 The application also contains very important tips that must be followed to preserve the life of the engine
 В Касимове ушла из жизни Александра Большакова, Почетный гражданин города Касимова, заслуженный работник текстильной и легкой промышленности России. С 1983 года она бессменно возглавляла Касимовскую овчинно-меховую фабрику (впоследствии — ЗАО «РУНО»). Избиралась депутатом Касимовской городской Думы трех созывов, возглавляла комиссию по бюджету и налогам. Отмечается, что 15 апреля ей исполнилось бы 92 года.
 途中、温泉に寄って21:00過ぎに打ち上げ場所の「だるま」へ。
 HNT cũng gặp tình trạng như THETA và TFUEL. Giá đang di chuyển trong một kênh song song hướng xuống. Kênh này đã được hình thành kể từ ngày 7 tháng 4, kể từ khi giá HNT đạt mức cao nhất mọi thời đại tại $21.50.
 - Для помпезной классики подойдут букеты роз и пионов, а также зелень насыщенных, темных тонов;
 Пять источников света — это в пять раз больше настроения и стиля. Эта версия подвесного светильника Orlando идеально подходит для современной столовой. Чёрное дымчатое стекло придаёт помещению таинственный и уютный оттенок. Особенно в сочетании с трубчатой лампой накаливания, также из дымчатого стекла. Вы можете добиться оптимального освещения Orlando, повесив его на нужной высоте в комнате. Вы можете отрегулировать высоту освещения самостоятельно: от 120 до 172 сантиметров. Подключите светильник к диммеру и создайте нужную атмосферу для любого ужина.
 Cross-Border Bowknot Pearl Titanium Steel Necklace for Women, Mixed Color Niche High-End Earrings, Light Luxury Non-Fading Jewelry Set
·····
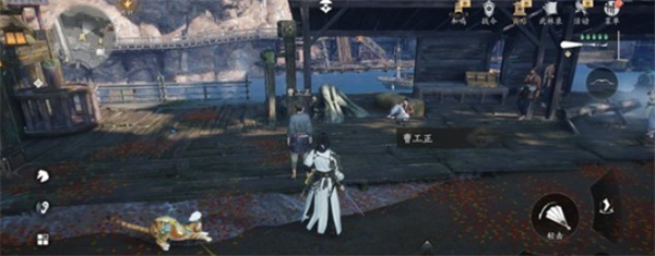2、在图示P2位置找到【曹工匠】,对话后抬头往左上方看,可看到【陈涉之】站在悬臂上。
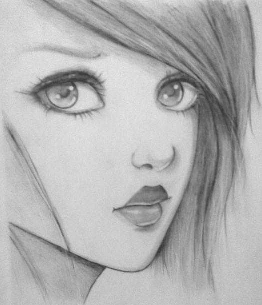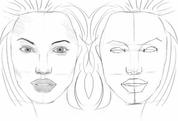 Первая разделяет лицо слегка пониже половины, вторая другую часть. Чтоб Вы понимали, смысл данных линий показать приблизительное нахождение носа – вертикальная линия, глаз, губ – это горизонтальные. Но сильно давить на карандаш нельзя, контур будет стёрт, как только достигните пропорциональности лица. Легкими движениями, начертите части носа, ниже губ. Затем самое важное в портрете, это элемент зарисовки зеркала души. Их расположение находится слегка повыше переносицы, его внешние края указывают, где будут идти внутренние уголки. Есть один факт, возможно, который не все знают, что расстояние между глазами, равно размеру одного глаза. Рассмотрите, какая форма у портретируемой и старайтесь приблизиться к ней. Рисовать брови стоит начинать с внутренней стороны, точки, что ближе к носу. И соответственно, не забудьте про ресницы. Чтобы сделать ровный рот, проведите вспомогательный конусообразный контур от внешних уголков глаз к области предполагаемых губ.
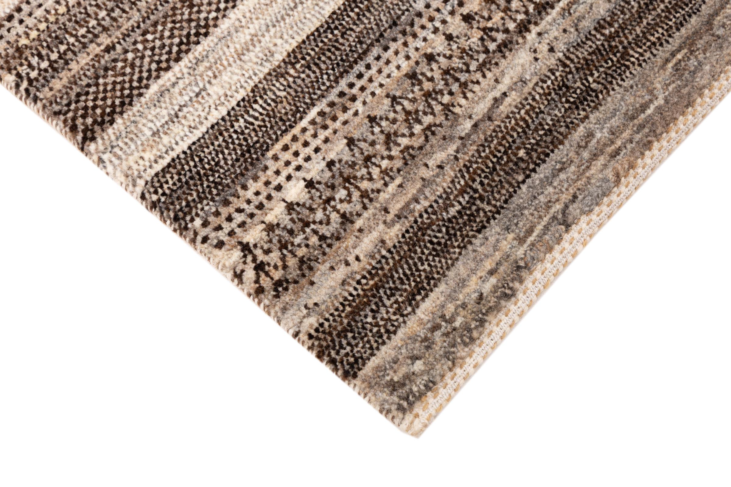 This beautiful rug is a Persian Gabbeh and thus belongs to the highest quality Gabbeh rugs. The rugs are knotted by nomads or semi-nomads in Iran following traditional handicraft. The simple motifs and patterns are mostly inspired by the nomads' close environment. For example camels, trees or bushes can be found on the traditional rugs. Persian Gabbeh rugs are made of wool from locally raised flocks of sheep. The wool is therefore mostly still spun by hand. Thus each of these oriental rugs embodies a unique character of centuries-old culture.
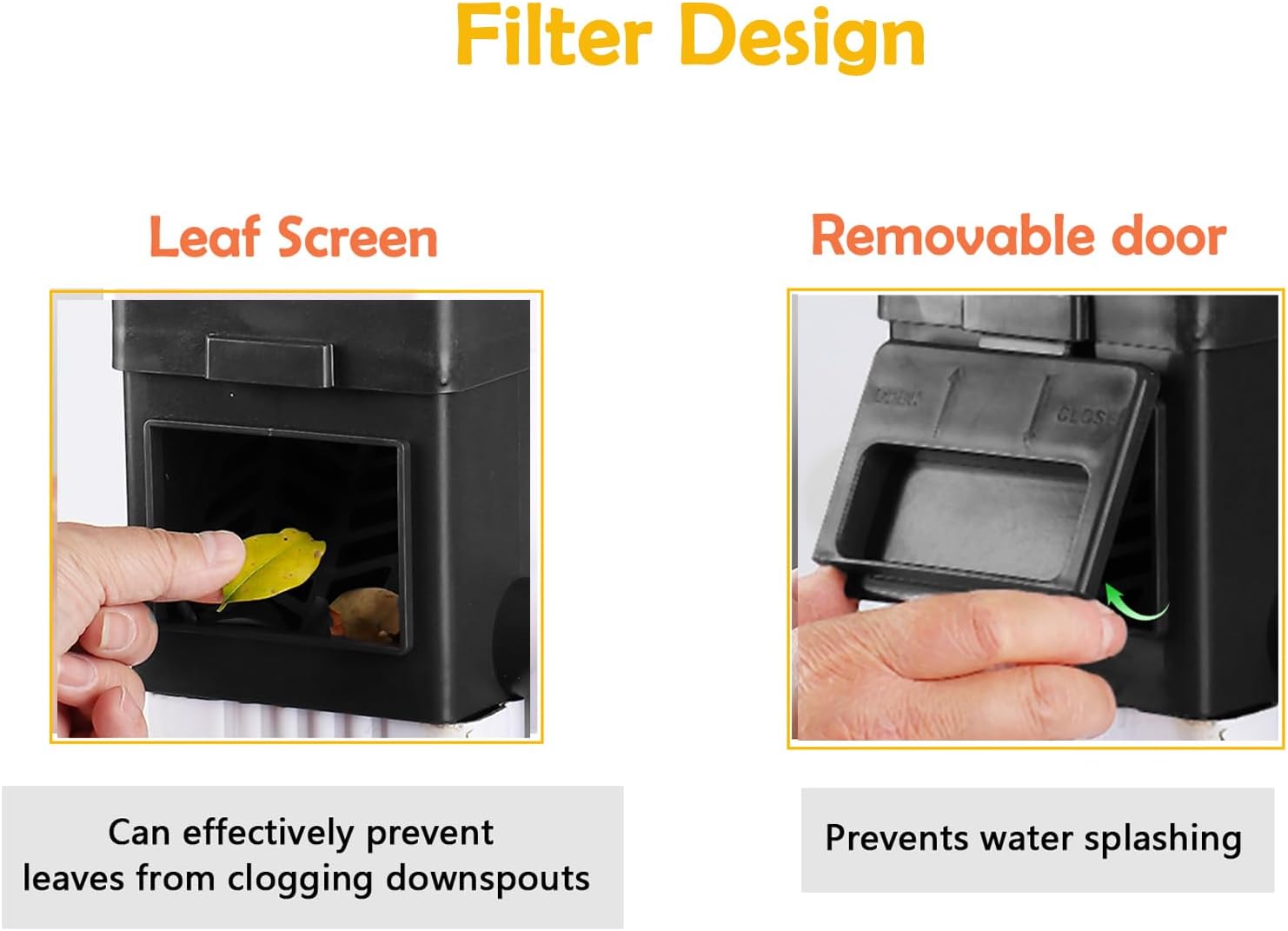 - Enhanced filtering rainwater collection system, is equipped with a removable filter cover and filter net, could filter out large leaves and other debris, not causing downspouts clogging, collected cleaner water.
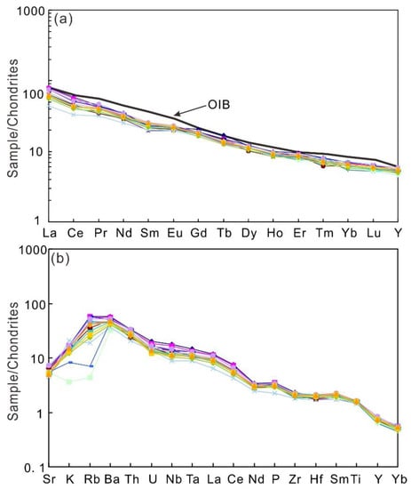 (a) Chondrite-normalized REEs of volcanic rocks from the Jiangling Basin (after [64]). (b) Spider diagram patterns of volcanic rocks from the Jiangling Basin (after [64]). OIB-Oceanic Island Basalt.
·····
> **Exercise prompt**: Counting only lines that contain the string "также", how many are there in the data above? Give the number alone.

> **Answer below**: 2